#### Task to carry out
Beneath this line is the data. Output exactly the lines from the line with "Se desideri armadi" to the line with "Bộ cờ vua gồm", both ends included, and nothing more.

(Data items)
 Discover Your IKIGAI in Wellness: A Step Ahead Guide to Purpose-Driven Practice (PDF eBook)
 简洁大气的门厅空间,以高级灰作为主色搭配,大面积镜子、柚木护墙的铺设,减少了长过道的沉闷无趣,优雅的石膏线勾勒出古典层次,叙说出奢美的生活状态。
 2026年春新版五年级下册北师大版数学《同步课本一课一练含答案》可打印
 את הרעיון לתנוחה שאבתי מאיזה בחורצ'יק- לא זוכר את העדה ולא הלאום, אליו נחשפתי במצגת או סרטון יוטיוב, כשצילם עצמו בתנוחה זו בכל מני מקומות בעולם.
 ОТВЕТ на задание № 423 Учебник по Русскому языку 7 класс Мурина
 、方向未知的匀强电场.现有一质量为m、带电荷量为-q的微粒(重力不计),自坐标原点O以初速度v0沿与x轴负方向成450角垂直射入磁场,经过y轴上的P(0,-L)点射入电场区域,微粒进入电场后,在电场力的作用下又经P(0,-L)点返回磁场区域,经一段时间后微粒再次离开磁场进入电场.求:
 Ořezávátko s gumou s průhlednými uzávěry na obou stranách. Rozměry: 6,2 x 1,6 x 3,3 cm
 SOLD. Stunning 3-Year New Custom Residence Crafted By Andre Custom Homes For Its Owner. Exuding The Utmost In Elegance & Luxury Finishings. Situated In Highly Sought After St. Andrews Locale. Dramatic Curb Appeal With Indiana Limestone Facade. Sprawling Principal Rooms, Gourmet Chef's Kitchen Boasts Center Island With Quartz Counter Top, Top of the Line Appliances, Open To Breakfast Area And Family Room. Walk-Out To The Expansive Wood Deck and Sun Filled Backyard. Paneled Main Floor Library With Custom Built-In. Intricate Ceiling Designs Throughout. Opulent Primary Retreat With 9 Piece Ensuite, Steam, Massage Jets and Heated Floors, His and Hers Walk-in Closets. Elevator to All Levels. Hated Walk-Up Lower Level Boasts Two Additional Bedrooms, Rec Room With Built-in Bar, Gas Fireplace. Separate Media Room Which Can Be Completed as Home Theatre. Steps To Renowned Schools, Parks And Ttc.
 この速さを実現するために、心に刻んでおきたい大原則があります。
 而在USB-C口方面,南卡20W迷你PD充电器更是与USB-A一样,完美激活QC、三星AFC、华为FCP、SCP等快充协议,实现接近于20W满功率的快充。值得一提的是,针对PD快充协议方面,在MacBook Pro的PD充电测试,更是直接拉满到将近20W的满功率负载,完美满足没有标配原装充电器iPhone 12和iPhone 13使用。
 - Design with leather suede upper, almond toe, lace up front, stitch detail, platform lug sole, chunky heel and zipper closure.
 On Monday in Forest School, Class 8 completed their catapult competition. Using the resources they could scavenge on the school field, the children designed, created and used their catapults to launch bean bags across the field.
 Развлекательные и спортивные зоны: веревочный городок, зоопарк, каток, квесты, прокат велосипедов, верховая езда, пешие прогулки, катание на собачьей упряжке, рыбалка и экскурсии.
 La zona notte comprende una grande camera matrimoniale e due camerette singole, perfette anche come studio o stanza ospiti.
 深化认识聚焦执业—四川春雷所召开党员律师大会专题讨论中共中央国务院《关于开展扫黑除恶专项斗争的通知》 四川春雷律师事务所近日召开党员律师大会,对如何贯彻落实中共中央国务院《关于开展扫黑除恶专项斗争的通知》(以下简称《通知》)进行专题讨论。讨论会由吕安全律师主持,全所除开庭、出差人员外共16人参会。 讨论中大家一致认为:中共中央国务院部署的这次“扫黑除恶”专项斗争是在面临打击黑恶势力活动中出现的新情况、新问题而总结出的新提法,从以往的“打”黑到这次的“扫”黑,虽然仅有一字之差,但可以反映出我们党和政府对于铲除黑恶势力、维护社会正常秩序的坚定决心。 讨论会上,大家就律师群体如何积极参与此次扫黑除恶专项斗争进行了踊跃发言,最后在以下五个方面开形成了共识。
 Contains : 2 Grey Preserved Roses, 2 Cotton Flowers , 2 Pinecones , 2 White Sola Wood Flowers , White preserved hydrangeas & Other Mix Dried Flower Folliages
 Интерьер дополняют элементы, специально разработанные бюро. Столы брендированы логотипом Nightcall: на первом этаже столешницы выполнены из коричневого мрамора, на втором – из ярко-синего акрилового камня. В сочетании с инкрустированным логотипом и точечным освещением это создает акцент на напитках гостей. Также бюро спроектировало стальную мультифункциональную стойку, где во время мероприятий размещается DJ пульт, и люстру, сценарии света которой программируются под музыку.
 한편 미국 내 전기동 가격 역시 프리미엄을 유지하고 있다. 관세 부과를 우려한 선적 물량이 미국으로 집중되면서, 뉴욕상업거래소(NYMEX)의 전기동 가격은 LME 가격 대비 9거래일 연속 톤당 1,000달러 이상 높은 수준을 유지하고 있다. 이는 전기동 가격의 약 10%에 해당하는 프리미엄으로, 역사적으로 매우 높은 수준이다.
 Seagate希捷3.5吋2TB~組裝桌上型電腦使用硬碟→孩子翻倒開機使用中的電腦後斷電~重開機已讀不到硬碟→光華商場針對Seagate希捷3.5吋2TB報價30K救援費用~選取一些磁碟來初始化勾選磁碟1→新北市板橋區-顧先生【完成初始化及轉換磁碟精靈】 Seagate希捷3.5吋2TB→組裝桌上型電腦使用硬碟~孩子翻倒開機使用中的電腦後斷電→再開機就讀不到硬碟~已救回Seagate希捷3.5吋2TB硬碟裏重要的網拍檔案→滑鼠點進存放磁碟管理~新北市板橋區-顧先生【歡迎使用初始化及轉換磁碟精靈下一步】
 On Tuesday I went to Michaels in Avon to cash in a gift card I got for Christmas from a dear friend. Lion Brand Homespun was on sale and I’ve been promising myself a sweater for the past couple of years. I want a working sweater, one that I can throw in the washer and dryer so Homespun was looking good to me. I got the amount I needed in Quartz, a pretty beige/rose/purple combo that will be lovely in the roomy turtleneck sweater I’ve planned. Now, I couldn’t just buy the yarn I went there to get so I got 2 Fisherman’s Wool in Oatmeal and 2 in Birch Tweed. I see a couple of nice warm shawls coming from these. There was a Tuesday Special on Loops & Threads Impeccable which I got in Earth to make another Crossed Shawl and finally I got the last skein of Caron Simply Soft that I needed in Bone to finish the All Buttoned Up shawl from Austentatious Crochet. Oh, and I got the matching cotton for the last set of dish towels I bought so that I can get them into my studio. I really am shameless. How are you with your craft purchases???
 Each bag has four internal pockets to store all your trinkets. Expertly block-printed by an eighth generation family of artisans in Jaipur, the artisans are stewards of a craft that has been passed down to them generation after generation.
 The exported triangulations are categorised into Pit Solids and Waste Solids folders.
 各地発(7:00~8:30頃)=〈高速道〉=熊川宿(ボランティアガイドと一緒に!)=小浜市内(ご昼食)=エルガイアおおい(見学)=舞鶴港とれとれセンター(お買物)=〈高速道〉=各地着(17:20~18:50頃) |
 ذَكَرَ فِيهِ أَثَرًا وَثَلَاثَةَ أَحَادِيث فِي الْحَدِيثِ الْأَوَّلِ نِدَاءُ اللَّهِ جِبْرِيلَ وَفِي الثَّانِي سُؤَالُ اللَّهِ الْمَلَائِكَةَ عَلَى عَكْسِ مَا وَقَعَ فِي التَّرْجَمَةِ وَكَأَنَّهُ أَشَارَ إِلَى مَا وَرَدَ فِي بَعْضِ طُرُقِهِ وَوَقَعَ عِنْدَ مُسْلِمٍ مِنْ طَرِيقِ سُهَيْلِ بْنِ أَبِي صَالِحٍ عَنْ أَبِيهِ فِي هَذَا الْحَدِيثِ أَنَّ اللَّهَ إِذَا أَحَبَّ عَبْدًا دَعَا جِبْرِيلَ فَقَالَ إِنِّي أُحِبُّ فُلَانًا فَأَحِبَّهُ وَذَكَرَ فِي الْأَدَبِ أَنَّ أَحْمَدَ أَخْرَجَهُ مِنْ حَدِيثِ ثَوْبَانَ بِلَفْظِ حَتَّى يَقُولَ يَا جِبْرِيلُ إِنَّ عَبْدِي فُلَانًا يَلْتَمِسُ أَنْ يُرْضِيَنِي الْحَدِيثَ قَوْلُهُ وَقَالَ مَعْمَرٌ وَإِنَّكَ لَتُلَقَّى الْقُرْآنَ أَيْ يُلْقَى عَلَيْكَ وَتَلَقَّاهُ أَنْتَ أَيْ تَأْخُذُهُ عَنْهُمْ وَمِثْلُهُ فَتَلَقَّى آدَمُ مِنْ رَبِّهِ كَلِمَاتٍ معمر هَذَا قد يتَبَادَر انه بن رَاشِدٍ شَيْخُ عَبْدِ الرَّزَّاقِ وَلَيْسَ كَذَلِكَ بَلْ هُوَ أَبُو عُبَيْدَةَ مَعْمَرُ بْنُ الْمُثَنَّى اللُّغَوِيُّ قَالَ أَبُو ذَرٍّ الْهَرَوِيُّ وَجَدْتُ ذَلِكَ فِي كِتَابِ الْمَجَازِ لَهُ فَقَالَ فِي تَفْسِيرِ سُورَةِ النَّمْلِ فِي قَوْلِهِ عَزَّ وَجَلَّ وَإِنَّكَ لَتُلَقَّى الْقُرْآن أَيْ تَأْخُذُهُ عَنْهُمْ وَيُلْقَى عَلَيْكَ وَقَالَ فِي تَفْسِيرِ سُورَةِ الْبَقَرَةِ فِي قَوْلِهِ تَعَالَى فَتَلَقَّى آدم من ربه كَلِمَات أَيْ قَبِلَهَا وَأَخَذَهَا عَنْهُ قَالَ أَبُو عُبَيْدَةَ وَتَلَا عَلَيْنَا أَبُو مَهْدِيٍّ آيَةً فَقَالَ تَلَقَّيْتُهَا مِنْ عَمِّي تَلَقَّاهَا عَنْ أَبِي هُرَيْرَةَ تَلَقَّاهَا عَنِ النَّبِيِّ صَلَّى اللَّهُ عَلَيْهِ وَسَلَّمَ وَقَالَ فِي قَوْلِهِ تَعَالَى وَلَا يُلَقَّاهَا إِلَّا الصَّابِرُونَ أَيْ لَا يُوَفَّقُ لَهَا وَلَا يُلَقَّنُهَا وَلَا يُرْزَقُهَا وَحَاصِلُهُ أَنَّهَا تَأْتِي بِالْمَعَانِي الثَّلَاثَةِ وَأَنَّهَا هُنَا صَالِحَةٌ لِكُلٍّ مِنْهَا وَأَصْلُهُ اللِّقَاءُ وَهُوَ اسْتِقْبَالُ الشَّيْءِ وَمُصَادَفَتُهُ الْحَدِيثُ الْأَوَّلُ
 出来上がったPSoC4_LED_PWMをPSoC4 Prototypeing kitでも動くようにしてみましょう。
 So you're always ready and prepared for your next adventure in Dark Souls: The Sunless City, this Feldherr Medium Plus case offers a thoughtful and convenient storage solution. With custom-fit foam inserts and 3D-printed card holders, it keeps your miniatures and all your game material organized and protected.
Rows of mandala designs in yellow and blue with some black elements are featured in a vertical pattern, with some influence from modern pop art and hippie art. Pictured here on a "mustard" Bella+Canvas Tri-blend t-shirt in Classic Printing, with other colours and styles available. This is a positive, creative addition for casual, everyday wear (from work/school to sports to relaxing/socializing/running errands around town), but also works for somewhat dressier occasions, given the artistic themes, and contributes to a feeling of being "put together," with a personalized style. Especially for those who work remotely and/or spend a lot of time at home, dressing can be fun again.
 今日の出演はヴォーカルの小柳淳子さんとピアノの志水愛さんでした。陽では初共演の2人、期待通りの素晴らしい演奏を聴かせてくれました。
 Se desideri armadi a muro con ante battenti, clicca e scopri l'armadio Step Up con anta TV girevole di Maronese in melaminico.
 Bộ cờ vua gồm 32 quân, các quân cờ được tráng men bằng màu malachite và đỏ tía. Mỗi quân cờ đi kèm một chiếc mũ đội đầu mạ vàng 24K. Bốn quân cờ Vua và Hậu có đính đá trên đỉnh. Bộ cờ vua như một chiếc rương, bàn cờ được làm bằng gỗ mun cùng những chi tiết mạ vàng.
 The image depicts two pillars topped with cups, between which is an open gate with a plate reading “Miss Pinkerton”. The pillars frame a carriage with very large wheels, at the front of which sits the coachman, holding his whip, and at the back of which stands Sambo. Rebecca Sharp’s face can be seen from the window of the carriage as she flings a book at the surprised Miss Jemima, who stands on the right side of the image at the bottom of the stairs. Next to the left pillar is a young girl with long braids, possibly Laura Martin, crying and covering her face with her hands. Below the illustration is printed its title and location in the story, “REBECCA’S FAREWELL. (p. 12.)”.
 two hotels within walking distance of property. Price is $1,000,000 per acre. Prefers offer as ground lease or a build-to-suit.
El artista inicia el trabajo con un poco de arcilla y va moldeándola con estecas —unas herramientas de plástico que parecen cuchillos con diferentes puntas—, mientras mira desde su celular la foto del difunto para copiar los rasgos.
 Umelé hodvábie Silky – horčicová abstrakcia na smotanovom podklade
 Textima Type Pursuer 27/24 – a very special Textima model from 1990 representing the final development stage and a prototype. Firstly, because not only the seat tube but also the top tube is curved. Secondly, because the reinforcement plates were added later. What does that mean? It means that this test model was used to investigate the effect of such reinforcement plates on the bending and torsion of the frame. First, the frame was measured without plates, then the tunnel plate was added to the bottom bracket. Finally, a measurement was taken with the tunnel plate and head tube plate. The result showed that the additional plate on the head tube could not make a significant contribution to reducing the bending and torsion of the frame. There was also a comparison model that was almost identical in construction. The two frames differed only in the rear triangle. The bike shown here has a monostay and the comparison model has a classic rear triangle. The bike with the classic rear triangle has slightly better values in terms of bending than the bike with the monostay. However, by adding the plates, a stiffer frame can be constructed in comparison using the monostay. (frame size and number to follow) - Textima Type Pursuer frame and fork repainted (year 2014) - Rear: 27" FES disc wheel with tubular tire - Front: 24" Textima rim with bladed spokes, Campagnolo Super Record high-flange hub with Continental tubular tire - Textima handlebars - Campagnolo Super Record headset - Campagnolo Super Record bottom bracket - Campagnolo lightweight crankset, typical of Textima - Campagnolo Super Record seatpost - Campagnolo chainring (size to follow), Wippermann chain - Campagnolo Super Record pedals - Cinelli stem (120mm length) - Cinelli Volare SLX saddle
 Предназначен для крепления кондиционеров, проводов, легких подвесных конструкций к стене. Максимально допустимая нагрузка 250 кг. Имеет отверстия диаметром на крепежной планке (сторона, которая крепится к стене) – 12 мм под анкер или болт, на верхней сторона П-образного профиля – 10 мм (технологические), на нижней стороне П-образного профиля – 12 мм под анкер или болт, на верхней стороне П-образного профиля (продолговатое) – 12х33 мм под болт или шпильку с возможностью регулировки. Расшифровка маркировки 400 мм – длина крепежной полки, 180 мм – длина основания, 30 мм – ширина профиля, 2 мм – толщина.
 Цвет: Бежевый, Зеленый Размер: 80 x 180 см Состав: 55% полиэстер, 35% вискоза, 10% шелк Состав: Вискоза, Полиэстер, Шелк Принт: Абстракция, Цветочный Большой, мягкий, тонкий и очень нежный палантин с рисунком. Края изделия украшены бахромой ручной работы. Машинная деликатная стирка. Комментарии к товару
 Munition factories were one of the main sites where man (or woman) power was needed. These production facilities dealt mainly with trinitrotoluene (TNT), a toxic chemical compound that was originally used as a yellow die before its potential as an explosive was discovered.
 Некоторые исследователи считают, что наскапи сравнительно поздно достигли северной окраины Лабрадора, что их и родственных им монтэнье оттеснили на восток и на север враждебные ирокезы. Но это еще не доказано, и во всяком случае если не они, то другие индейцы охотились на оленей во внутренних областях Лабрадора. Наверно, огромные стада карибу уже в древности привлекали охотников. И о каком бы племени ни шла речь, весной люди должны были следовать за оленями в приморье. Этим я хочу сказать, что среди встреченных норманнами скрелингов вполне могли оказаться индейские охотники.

#### Written response
 Se desideri armadi a muro con ante battenti, clicca e scopri l'armadio Step Up con anta TV girevole di Maronese in melaminico.
 Bộ cờ vua gồm 32 quân, các quân cờ được tráng men bằng màu malachite và đỏ tía. Mỗi quân cờ đi kèm một chiếc mũ đội đầu mạ vàng 24K. Bốn quân cờ Vua và Hậu có đính đá trên đỉnh. Bộ cờ vua như một chiếc rương, bàn cờ được làm bằng gỗ mun cùng những chi tiết mạ vàng.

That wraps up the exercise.